HDP fordert Untersuchungsausschuss zum Fall Nihat Kazanhan

Am 14. Januar 2015 wurde der zwölfjährige Nihat Kazanhan in Cizîr von einem Polizisten eines Spezialeinsatzkommandos durch einen Kopfschuss getötet. Die HDP sieht den Mord nicht als aufgeklärt an und fordert einen parlamentarischen Untersuchungsausschuss.

Die HDP-Fraktion in der türkischen Nationalversammlung fordert einen parlamentarischen Untersuchungsausschuss zum Fall Nihat Kazanhan. Der Zwölfjährige wurde am 14. Januar 2015 in unmittelbarer Nähe seines elterlichen Hauses in der nordkurdischen Stadt Cizîr von einem Beamten eines Spezialeinsatzkommandos der türkischen Polizei durch einen Kopfschuss getötet. Zwar wurde der Polizist Mehmet Nurbaki Göçmez wegen der Tötung des Jungen verurteilt – die HDP sieht den Mord jedoch nicht als aufgeklärt an. Die juristische Aufarbeitung des Falles sei nur unzureichend geleistet worden, heißt es in dem Antrag der Abgeordneten Nuran Imir, Hasan Özgüneş und Hüseyin Kaçmaz aus dem Wahlkreis Şirnex.

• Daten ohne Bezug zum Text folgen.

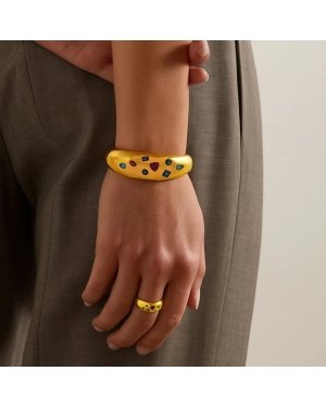 Elevate Your Style with the Bezel Bounty Open BangleIntroducing the Bezel Bounty Open Bangle a timeless accessory designed for women and girls who love a touch of sparkle and sophistication. Featuring a stunning arrangement of multi-colour cubic zirconia stones, this bangle exudes charm and grace. The luxurious 22KT real gold plating on a premium brass alloy base gives it a radiant, high-end finish that catches the light beautifully. Whether you're dressing up for a special event or adding elegance to your everyday look, this bangle is the perfect statement piece.Key Features:Multi-Colour Cubic Zirconia: Vibrant stones create an eye-catching display of colors.22KT Real Gold Plating: Provides a rich, luxurious finish that enhances its beauty and durability.Premium Brass Alloy Construction: Strong and long-lasting, ensuring it retains its shine.Open Design: Adjustable and comfortable fit for a variety of wrist sizes.Perfect for Any Occasion: Whether it's a day at the office, a night out,
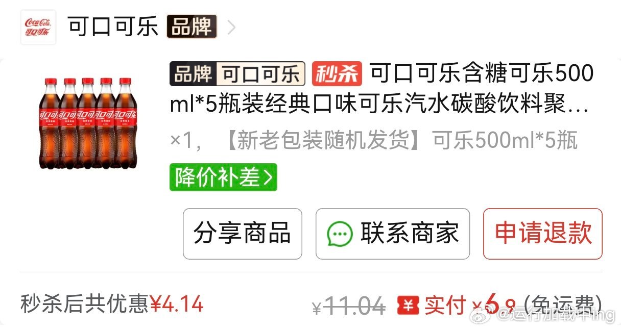 价格不是很美丽,多多可乐这两天挺便宜

Nihat Kazanhan ist eines von mindestens 288 Todesopfern der Ausgangssperren und Militärbelagerung in Cizîr im Winter 2015/2016. Zunächst leugneten Behörden und Regierung die Beteiligung der Polizei an seinem Tod. Doch dann tauchte ein Video auf, das eine Gruppe Minderjähriger beim Steinewerfen gegen den Tränengasbeschuss der Polizei zeigt. Auf einem anderen Video ist zu sehen, wie ein Polizist mit einem Gewehr in Richtung der Kinder schießt. Die Szenen zeigen den Moment, in dem Nihat Kazanhan tödlich in den Hinterkopf getroffen zu Boden sackt.

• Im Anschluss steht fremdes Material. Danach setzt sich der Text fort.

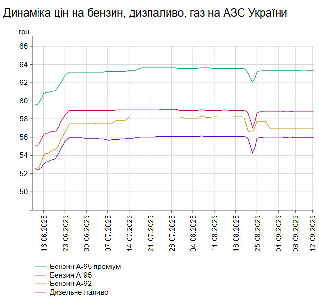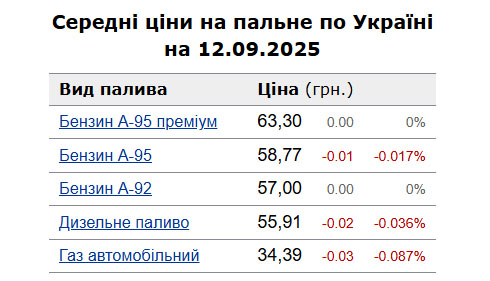 Зокрема, зафіксовано такі середні ціни на пальне: бензин марки А-95 (преміум) - 63,3 грн/л; бензин марки А-95 - 58,77 грн/л (здешевшав на 1 коп.); бензин марки А-92 - 56 грн/л; дизельне пальне - 55,91 грн/л (здешевшало на 2 коп.). Середня ціна автогазу становить 34,39 грн/л, що на 3 коп. менше порівняно із попереднім днем.
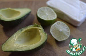 Авокадо обескостить, при помощи столовой ложки вынуть мякоть. Из половинки лайма выжать сок.

Schütze zu 13 Jahren Haft verurteilt

Das Verfahren um den Tod des Jungen wurde im November 2016 abgeschlossen. Der Schütze Mehmet Nurbaki Göçmez wurde mit der Begründung, „er habe die Tat unter unrechtmäßiger Provokation möglicherweise mit Vorsatz begangen“; zu dreizehn Jahren und vier Monaten Haft verurteilt. Im Rahmen der Zweidrittel-Regelung könnte er in wenigen Jahren freikommen. Drei weitere Polizeibeamte erhielten je fünf Monate Freiheitsstrafe, „weil sie die Straftat nicht gemeldet haben“. Berufungen und Revisionen wurden vor höheren Instanzen als unbegründet verworfen. Seit 2019 liegt die Akte zur Überprüfung beim Verfassungsgericht.

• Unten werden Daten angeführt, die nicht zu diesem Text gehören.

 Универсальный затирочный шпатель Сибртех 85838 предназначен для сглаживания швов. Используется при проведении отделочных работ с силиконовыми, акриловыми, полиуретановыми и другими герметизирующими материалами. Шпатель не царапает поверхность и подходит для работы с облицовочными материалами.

HDP: Wichtige Beweise nicht gewürdigt

Die HDP argumentiert in ihrem Antrag für die Einrichtung des parlamentarischen Untersuchungsausschusses, dass wichtige Beweise wie etwa die Videoaufnahmen des Panzerfahrzeugs, Aufzeichnungen der Funkgespräche und Protokolle über Telefonate unter den Verurteilten und ihren Vorgesetzten in den Prozess nicht mit einbezogen worden seien. „Die Bildung der geforderten Kommission kann unbeantwortete Fragen zu dem Mord an Nihat Kazanhan klären und damit den Weg zu einem Wiederaufnahmeverfahren ebnen. Das ist unsere Forderung“, so die HDP.